§ WORK REQUIRED
Extract the lines from the first one in the records below through the line containing "Die islamistische Terrorarmee", keeping both ends and leaving out any pictures.

§ LISTED ENTRIES
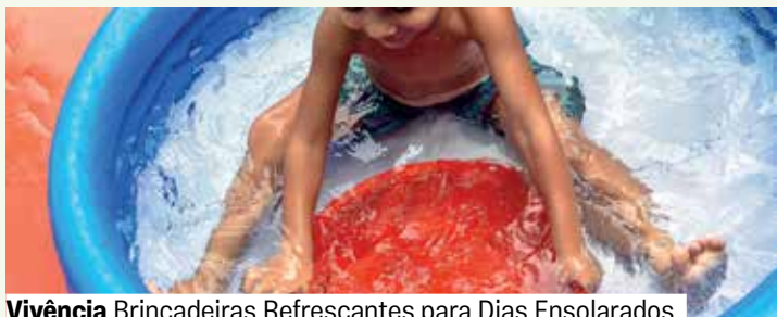
Vivência Brincadeiras Refrescantes para Dias Ensolarados

Para acessar as piscinas, é necessário possuir credencial e exame dermatológico válidos, assim como os trajes de banho adequados.
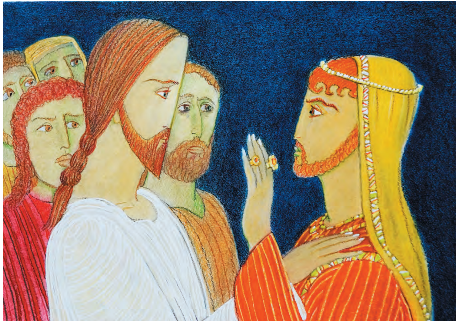
А. ЛЕПЕТУХИН. Христос и Богатый юноша

Увы – это оказалось юноше не по силам. Не потому, наверное, что
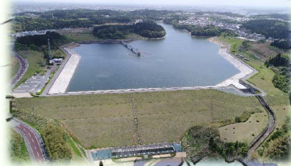
【盛夏の東金ダム(ときがね湖)】
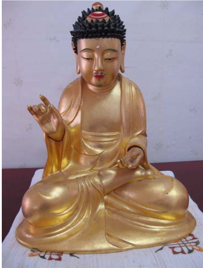
보물 제1748호 '문경 봉암사 목조아미타여래좌상 및 복장유물'
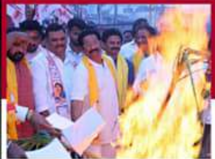
బిమలినందల్లో జేపీఐ అధ్యక్షులతో జేపీఐ దర్శం
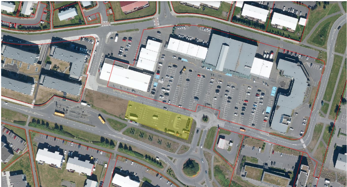
Mynd 3 Bílastæði við Spöng sem lagt er til að verði merkt eingöngu fyrir fólksbifreiðar er merkt með gulu.

Spöngin: Síðusta árið hefur færst í aukana að stærri ökutækjum sé lagt á bílplani í borgarlandi, sunnan götunnar Spangar og austan strætóstöðvarinnar í Spöng. Yfir planið liggur gönguleið frá Borgavegi að verslunarkjarna og miðar hönnun og frágangur svæðisins við stærð fólksbifreiða.
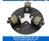
HTC 230 мм кустарника
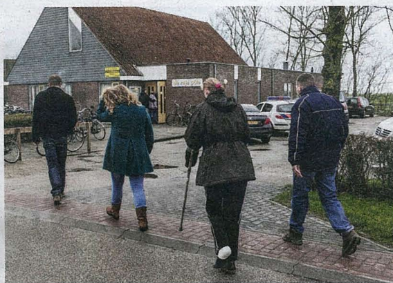
Dorpsbewoners komen dinsdag naar het dorpshuis om meer bijzonderheden te vernemen over het ongeluk.
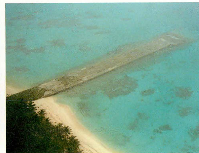
飛行艇棧橋が眼下に
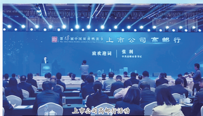
上市公司高邮行活动
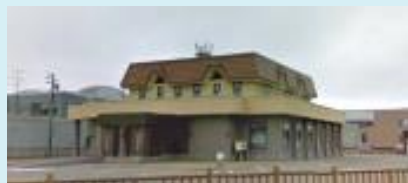
旧地ビールレストランふぁーらいとの改修
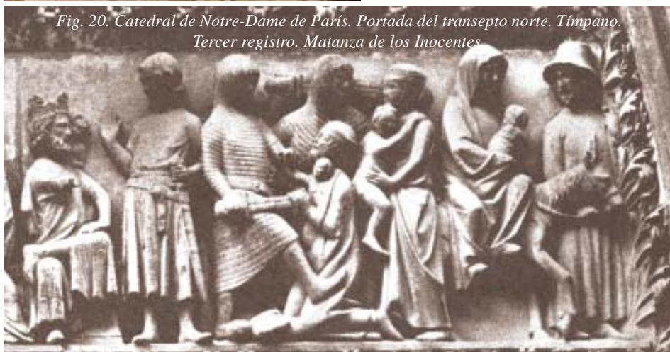
Fig. 20. Catedral de Notre-Dame de París. Portada del transepto norte. Tímpano. Tercer registro. Matanza de los Inocentes.
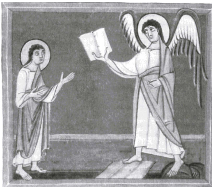
ANDĚL S KNIHOU. Bamberský rukopis.

Jakmile zatroubí šestý anděl a tím uvolní své síly, je vypuštěna ještě mocnější armáda ničivých bytostí. Pohlcují ohněm vycházejícím z jejich úst a zabíjejí uštknutím hadů, což jsou jejich ocasy. Ničivá moc andělů se uvolnila nedbajíc žádného vesmírného omezení. Ve dvacátém verši 20. kapitoly čteme stížnost na to, jak zbytek lidstva, který nebyl zničen tou ohromnou ničivou katastrofou, nejde do sebe, nekaje se, nýbrž dál uctívá své oblíbené a neužitečné modly. Ničivá bouře napadla bytí lidí na zemi a oni se jí nemohou bránit, neboť je zcela přemohla. Vypadá to, že se nezúčastňují aktivně toho, co se děje, ale že jsou jen oběťmi. V takové situaci, jež je tolik vzdálená lidským silám, se lidské duše nemohou učit ze zkušenosti, mohou pouze trpět.
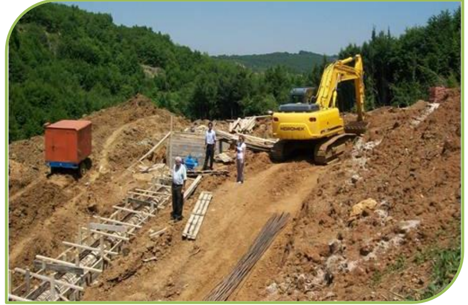
MERKEZ BAHÇECİK SULAMA GÖLETİNDEN GÖRÜNTÜLER
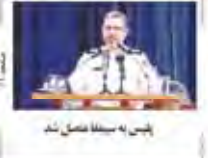
پسین به سینه‌ها نشاند
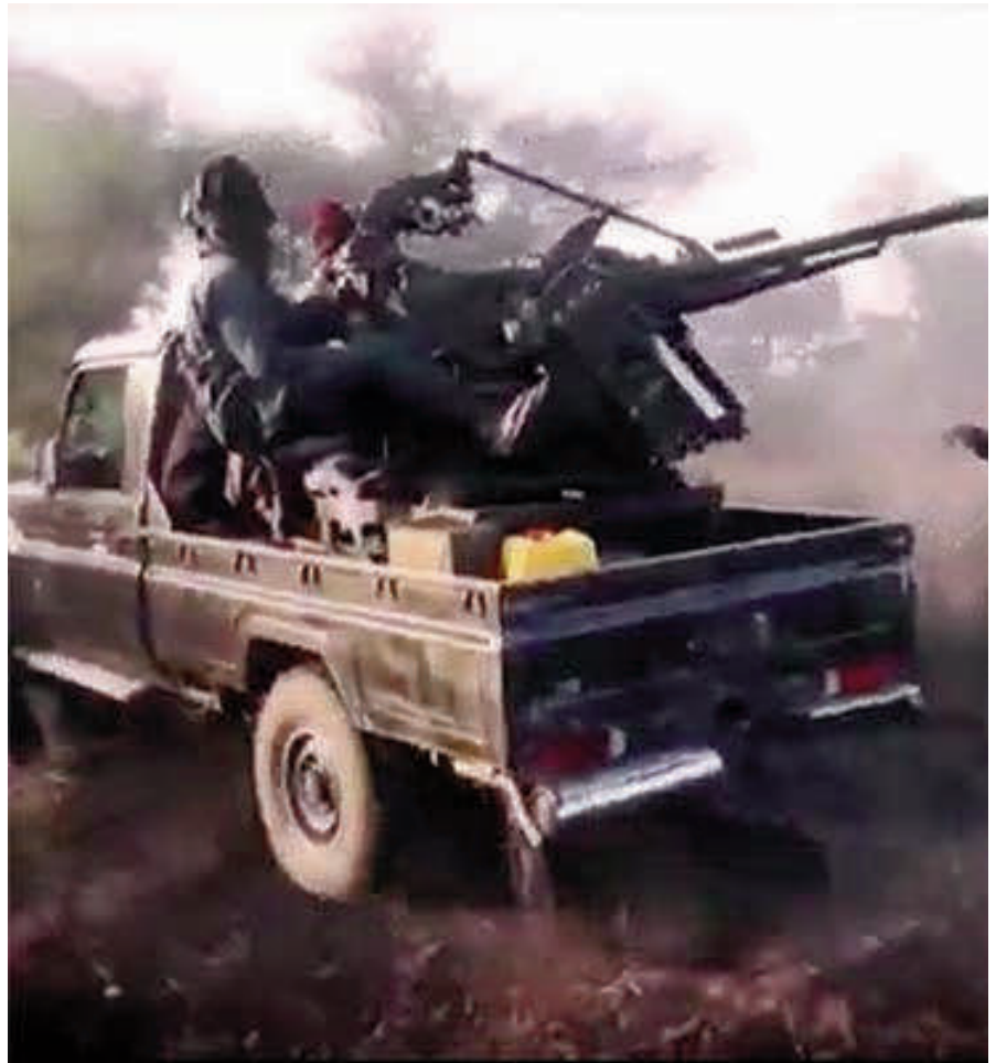
Die islamistische Terrorarmee „Boko Haram“ sorgt in Nigeria noch immer für Angst und Schrecken.

Bereits 1967 hatte sich der Südosten des Landes unter dem Namen Biafra von Nigeria losgesagt und wurde in einem zweieinhalb Jahre andauernden brutalen Bürgerkrieg gewaltsam zurückerobert.

§ FINAL ANSWER
Vivência Brincadeiras Refrescantes para Dias Ensolarados

Para acessar as piscinas, é necessário possuir credencial e exame dermatológico válidos, assim como os trajes de banho adequados.
А. ЛЕПЕТУХИН. Христос и Богатый юноша

Увы – это оказалось юноше не по силам. Не потому, наверное, что
【盛夏の東金ダム(ときがね湖)】
보물 제1748호 '문경 봉암사 목조아미타여래좌상 및 복장유물'
బిమలినందల్లో జేపీఐ అధ్యక్షులతో జేపీఐ దర్శం
Mynd 3 Bílastæði við Spöng sem lagt er til að verði merkt eingöngu fyrir fólksbifreiðar er merkt með gulu.

Spöngin: Síðusta árið hefur færst í aukana að stærri ökutækjum sé lagt á bílplani í borgarlandi, sunnan götunnar Spangar og austan strætóstöðvarinnar í Spöng. Yfir planið liggur gönguleið frá Borgavegi að verslunarkjarna og miðar hönnun og frágangur svæðisins við stærð fólksbifreiða.
HTC 230 мм кустарника
Dorpsbewoners komen dinsdag naar het dorpshuis om meer bijzonderheden te vernemen over het ongeluk.
飛行艇棧橋が眼下に
上市公司高邮行活动
旧地ビールレストランふぁーらいとの改修
Fig. 20. Catedral de Notre-Dame de París. Portada del transepto norte. Tímpano. Tercer registro. Matanza de los Inocentes.
ANDĚL S KNIHOU. Bamberský rukopis.

Jakmile zatroubí šestý anděl a tím uvolní své síly, je vypuštěna ještě mocnější armáda ničivých bytostí. Pohlcují ohněm vycházejícím z jejich úst a zabíjejí uštknutím hadů, což jsou jejich ocasy. Ničivá moc andělů se uvolnila nedbajíc žádného vesmírného omezení. Ve dvacátém verši 20. kapitoly čteme stížnost na to, jak zbytek lidstva, který nebyl zničen tou ohromnou ničivou katastrofou, nejde do sebe, nekaje se, nýbrž dál uctívá své oblíbené a neužitečné modly. Ničivá bouře napadla bytí lidí na zemi a oni se jí nemohou bránit, neboť je zcela přemohla. Vypadá to, že se nezúčastňují aktivně toho, co se děje, ale že jsou jen oběťmi. V takové situaci, jež je tolik vzdálená lidským silám, se lidské duše nemohou učit ze zkušenosti, mohou pouze trpět.
MERKEZ BAHÇECİK SULAMA GÖLETİNDEN GÖRÜNTÜLER
پسین به سینه‌ها نشاند
Die islamistische Terrorarmee „Boko Haram“ sorgt in Nigeria noch immer für Angst und Schrecken.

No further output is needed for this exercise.